-------- SUPPLIED DATA --------

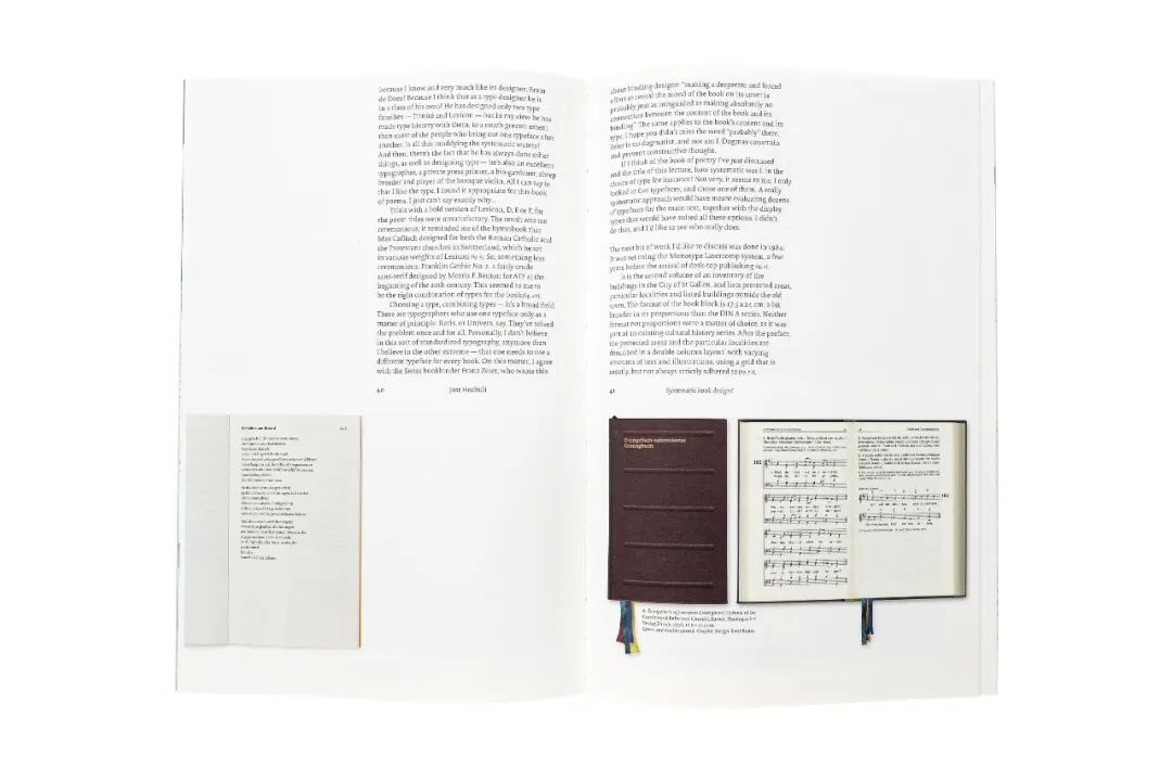于是這個德語區的瑞士人先做了一件很德國的事情,他先去琢磨了一下這個問題中的關鍵詞的詞義。“我所知道的 ‘systematics’的最簡潔的定義是我在1993年的《Schweizer Lexikon》中發現的——‘一個有計劃的整體展示或設計’。根據德國Brockhaus encyclopaedia,‘systematic’作為一個形容詞的意思是‘根據一個系統,有方法的,有計劃的;與一個系統相對應’。所以,‘systematic book design’是指遵循著在做書工作開始前就預先設定的計劃進行書籍設計。”Hochuli以此作為他的演講文章的開篇。
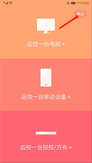 1、打开向日葵主控端手机版,登录后提示可选择远控一台电脑、远控一台移动设备和远控一台控控/方舟,选择右上角【跳过】选项,
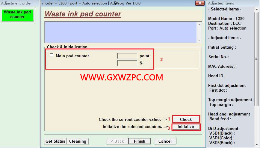 點擊Check按鈕,獲取當(dāng)前廢墨計數(shù)器的數(shù)值,然后選中計數(shù)器前面的選擇框,點擊Initialization按鈕完成初始化。
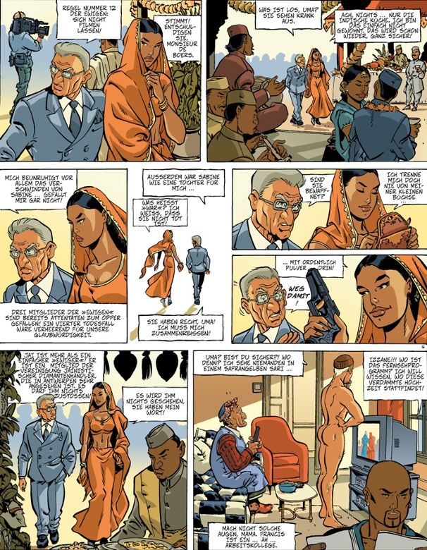 Bei einer prächtigen indischen Hochzeitszeremonie wird die Braut vor der Hochzeit erschossen. Vater der Baut ist Sumak, Kopf einer ebenfalls mit Diamanten handeln-den Bande mit Namen J.D.C..Uma findet heraus, daß Sumak ein Vermögen an schwarzen Diamanten illegal durch Bestrahlung mit radioaktivem Material erzeugt hat und daß es einen Verräter in den Reihen der Ewigen gibt.
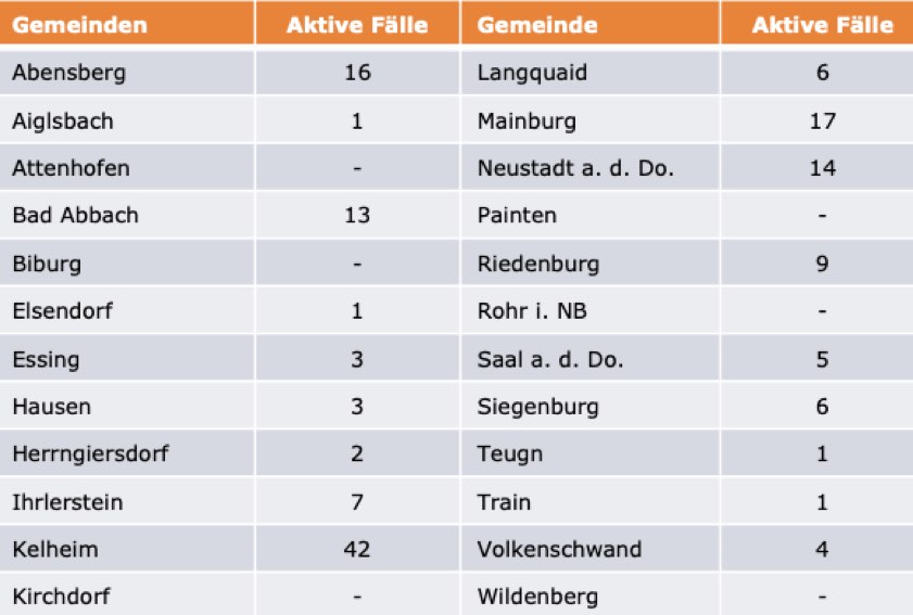 (ty) Im Kreis Kelheim gibt es in Zusammenhang mit der Corona-Pandemie, wie berichtet, mittlerweile 39 Menschenleben zu beklagen. Unter Verweis auf Daten des Gesundheitsamts teilte das Landratsamt heute mit, dass – Stand gestern, 16 Uhr – die Zahl der im Kreis Kelheim positiv auf den neuartigen Erreger getesteten Menschen bei insgesamt 1800 liegt – das sind 16 mehr als gestern gemeldet. 1610 hiesige Corona-Patienten (gestern: 1587) gelten mittlerweile als genesen und sind aus der Quarantäne entlassen. Derzeit gibt es 151 aktive Corona-Fälle im Landkreis (gestern: 158). Zahlen aus den einzelnen Gemeinden zeigt die Tabelle unten.

--------

» **ACTIVITY**:
Write out exactly the lines from the line holding "點擊Check按鈕,獲取當(dāng)前" through the last line of the records above, inclusive, and nothing more. Leave out the pictures.

» **WRITTEN ANSWER**:
 點擊Check按鈕,獲取當(dāng)前廢墨計數(shù)器的數(shù)值,然后選中計數(shù)器前面的選擇框,點擊Initialization按鈕完成初始化。
 Bei einer prächtigen indischen Hochzeitszeremonie wird die Braut vor der Hochzeit erschossen. Vater der Baut ist Sumak, Kopf einer ebenfalls mit Diamanten handeln-den Bande mit Namen J.D.C..Uma findet heraus, daß Sumak ein Vermögen an schwarzen Diamanten illegal durch Bestrahlung mit radioaktivem Material erzeugt hat und daß es einen Verräter in den Reihen der Ewigen gibt.
 (ty) Im Kreis Kelheim gibt es in Zusammenhang mit der Corona-Pandemie, wie berichtet, mittlerweile 39 Menschenleben zu beklagen. Unter Verweis auf Daten des Gesundheitsamts teilte das Landratsamt heute mit, dass – Stand gestern, 16 Uhr – die Zahl der im Kreis Kelheim positiv auf den neuartigen Erreger getesteten Menschen bei insgesamt 1800 liegt – das sind 16 mehr als gestern gemeldet. 1610 hiesige Corona-Patienten (gestern: 1587) gelten mittlerweile als genesen und sind aus der Quarantäne entlassen. Derzeit gibt es 151 aktive Corona-Fälle im Landkreis (gestern: 158). Zahlen aus den einzelnen Gemeinden zeigt die Tabelle unten.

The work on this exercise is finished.